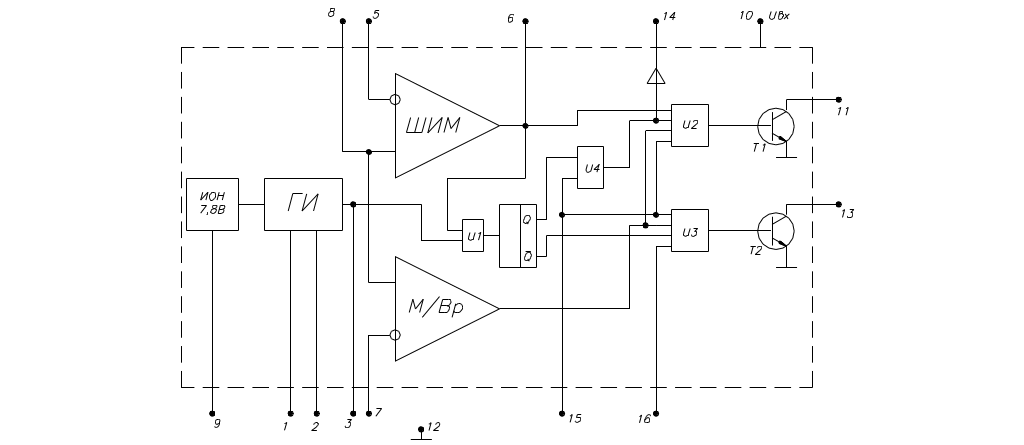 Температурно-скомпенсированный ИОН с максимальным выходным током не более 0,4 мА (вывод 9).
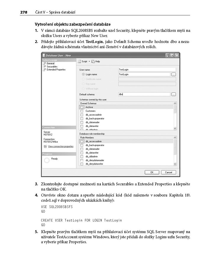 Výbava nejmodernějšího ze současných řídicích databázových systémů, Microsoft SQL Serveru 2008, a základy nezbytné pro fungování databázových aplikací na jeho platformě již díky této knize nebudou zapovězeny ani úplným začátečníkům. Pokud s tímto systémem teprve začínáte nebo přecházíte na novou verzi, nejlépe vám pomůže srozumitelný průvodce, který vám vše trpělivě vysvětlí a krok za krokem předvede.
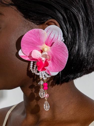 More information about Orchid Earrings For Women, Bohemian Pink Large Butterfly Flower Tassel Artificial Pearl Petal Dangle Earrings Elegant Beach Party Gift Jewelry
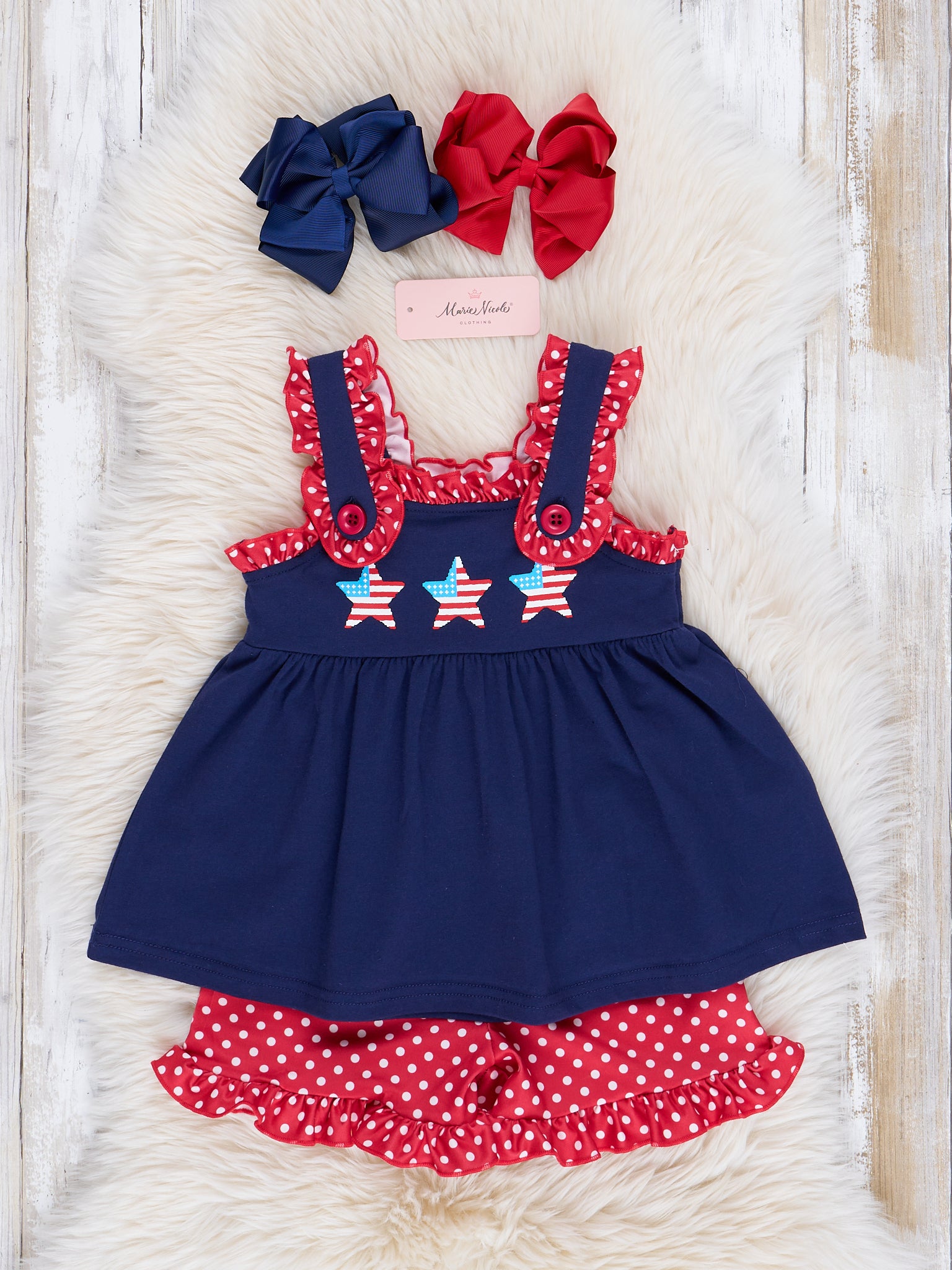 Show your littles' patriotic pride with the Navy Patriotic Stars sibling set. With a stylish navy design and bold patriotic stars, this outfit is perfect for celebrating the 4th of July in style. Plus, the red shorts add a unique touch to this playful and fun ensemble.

*-*-*

The answer must be the full listing retyped exactly, with no pictures in it.

Answer box »
 Температурно-скомпенсированный ИОН с максимальным выходным током не более 0,4 мА (вывод 9).
 Výbava nejmodernějšího ze současných řídicích databázových systémů, Microsoft SQL Serveru 2008, a základy nezbytné pro fungování databázových aplikací na jeho platformě již díky této knize nebudou zapovězeny ani úplným začátečníkům. Pokud s tímto systémem teprve začínáte nebo přecházíte na novou verzi, nejlépe vám pomůže srozumitelný průvodce, který vám vše trpělivě vysvětlí a krok za krokem předvede.
 More information about Orchid Earrings For Women, Bohemian Pink Large Butterfly Flower Tassel Artificial Pearl Petal Dangle Earrings Elegant Beach Party Gift Jewelry
 Show your littles' patriotic pride with the Navy Patriotic Stars sibling set. With a stylish navy design and bold patriotic stars, this outfit is perfect for celebrating the 4th of July in style. Plus, the red shorts add a unique touch to this playful and fun ensemble.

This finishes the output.